Oriana Fallaci. Oltre la rabbia e l’orgoglio

Il video con i commenti di Ferruccio De Bortoli e Furio Colombo

LIFE: Portrait of journalist Oriana Fallaci. Date taken: September 1979 Photographer: Ted Thai

Il declino secondo Oriana

Tunku Varadarajan, direttore delle “editorial features” del Wall Street Journal ha intervistato la scrittrice Oriana Fallaci. L’articolo che segue – dal titolo “Profeta del declino” – è stato pubblicato il 25 giugno 2005

New York. Oriana Fallaci rischia la galera. A settantacinque anni, colpita da un cancro che, al momento, le permette di alimentarsi soltanto con liquidi (sì, abbiamo bevuto champagne nel corso della nostra intervista, durata tre ore), una delle giornaliste più famose del mondo è stata denunciata da un giudice italiano sulla base dell’articolo del codice penale che punisce il “vilipendio” di “qualsiasi religione ammessa dallo Stato”.
Nel suo caso la religione considerata oggetto di vilipendio è l’islam; il vilipendio è stato commesso, a quanto pare, in un libro pubblicato l’anno scorso, intitolato “La forza della ragione”, che ha venduto oltre un milione di copie in tutta Europa. La tesi fondamentale del libro era che il Vecchio Continente stava per diventare un dominio dell’islam, e che i popoli dell’occidente si erano vilmente arresi ai “figli di Allah”. Insomma, per le sue convinzioni Oriana Fallaci rischia due anni di carcere, motivo per cui ha scelto di non muoversi da New York. Lasciateci ringraziare il Primo emendamento.

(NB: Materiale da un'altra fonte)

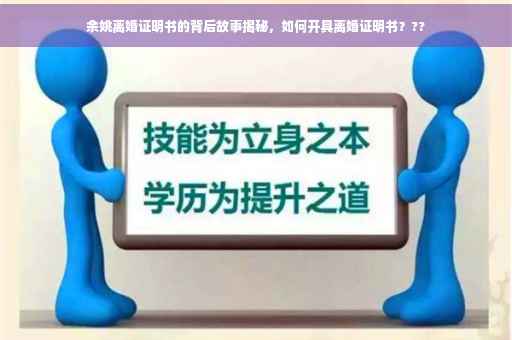 关于余姚离婚证明书的话题引起了广泛关注,随着社会的快速发展,离婚现象在我们的生活中愈发普遍,而离婚证明书作为这一过程的官方证明,也逐渐引起了人们的关注,我将带大家深入了解余姚离婚证明书的背后故事,探讨其背后的社会现象和法律问题。

È davvero un peccato che in inglese, per definire il reato stabilito dal codice italiano, si usi il termine “vilification” e non la parola che deriva dal latino “vilipend”, perché questa parola esprime perfettamente la pomposità e l’anacronistica stramberia di questa legge italiana. “Vilification”, invece, sa di qualcosa di squallido, da giornale scandalistico, per nulla all’altezza di una “grande dame”.

“Quando l’ho saputo – racconta la signora Fallaci a proposito della sua recente incriminazione – mi sono messa a ridere. Amaramente, certo, ma ho riso. Nessun divertimento, nessuna sorpresa, perché il processo è soltanto la dimostrazione che tutto quello che ho scritto è vero”. Un giudice attivista di Bergamo si è assunto l’impegno di accogliere una denuncia contro Oriana Fallaci che nemmeno i pubblici ministeri locali vorrebbero anche soltanto toccare. L’autore della denuncia è un certo Adel Smith (il quale, malgrado il suo nome, è musulmano ed è un notorio provocatore pubblico), che ha già una lunga storia di sparate antiFallaci e che, a quanto sembra, è responsabile della pubblicazione di un pamphlet (“L’Islam punisce Oriana Fallaci”) che esorta i musulmani a “eliminarla”. (Ironicamente, anche il signor Smith è stato denunciato per vilipendio della religione – in questo caso quella cattolica – dopo che, in televisione, aveva descritto la Chiesa cattolica come un’“organizzazione criminale”. Due anni fa era finito sulle prime pagine dei giornali italiani per avere richiesto la rimozione dei crocefissi dalle aule scolastiche e anche, a quanto si dice, per avere gettato fuori dalla finestra il crocefisso che si trovava nella stanza dell’ospedale in cui era ricoverata sua madre).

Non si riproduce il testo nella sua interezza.